Утро застало Абиту сидящей на почерневшей от гари, покрытой сажей земле. Пламя угасло, однако хлев еще тлел, и над полем густой пеленой колыхался дым. Мула и коз удалось спасти, но кукуруза сгорела, погибла почти без остатка. Тут бы заплакать, но и сердце, и разум словно оцепенели. Правда, у нижней границы поля осталось еще несколько неубранных рядов, но этого, разумеется, было мало. Не пройдет и недели, как на ферму заявится Уоллес с шерифом, и все будет кончено. Он победит.
«Интересно, кого он, черт побери, хотел обмануть этим дурацким маскарадом?»

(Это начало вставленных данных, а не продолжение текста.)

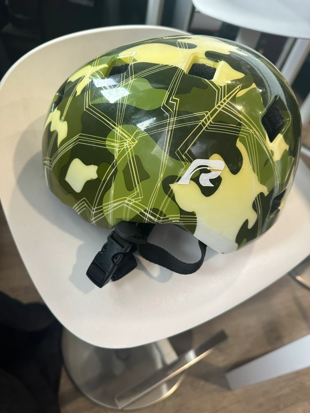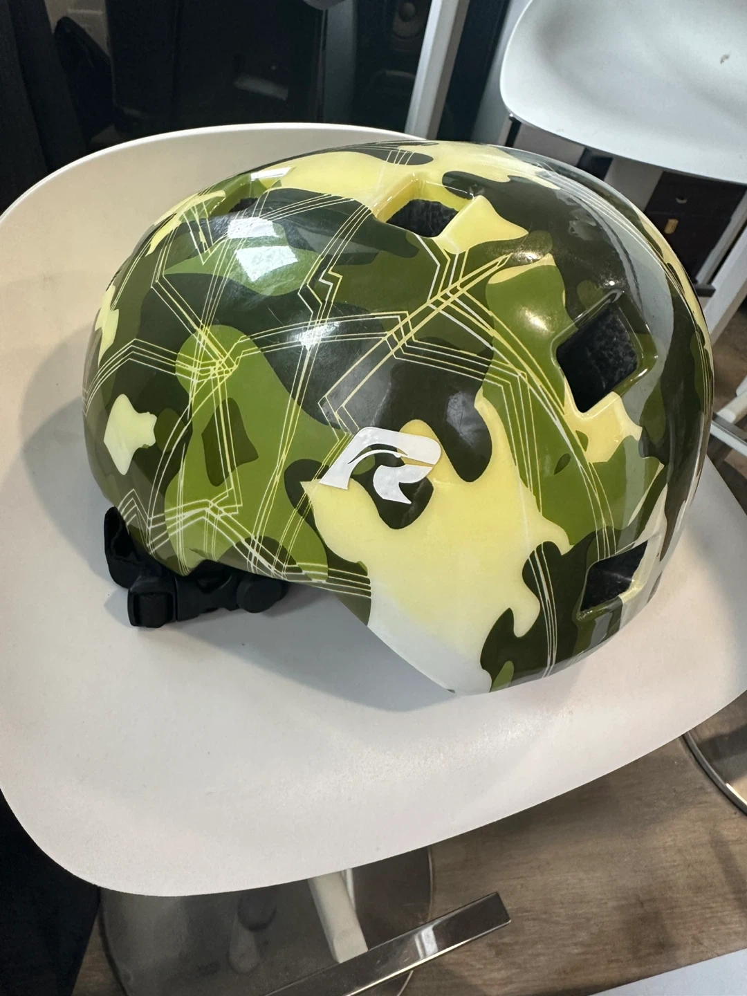 This Ride Gear helmet comes in a cool camo design! It's sized for children with a head circumference of 52-56 cm. It's perfect for keeping kids safe while they're biking or riding other gear.
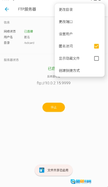 3、点击“开始”按钮即可启用局域网服务器,若需终止服务,随时点击“停止”按钮即可。
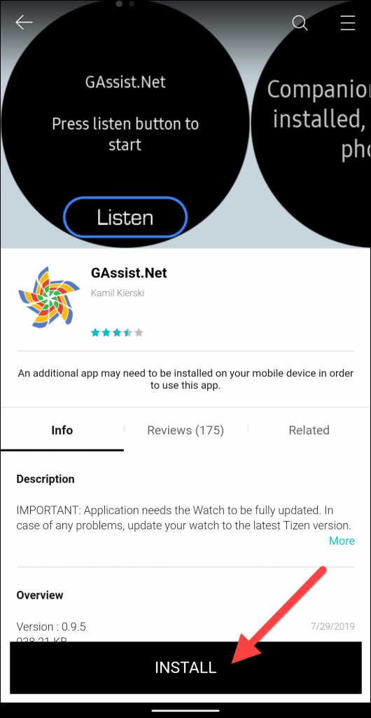 首先要做的是 从 Galaxy Store安装 G-Voice Assistant应用程序(从免费版本开始)。您可以通过手机上的Galaxy Wearable 应用程序安装它。

Абита сплюнула (слюна тоже оказалась черной от копоти) и призадумалась. Как же быть дальше? Не попробовать ли доказать, что все это – дело рук Уоллеса? Без подозрений в его адрес не обойдется наверняка: ведь урожай-то сгорел как раз перед тем, как подойдет срок выплаты долга! Любой человек в здравом уме сразу поймет: это он. Хотя… а поймет ли? Одного слова Абиты и обстоятельств дела тут, конечно же, будет мало, а Уоллес во время ночного налета не оставил поблизости даже следа сапога. Как убедить шерифа, что поджигатель – он, имея на руках только мертвого пекота да две пекотских тележки в хлеву?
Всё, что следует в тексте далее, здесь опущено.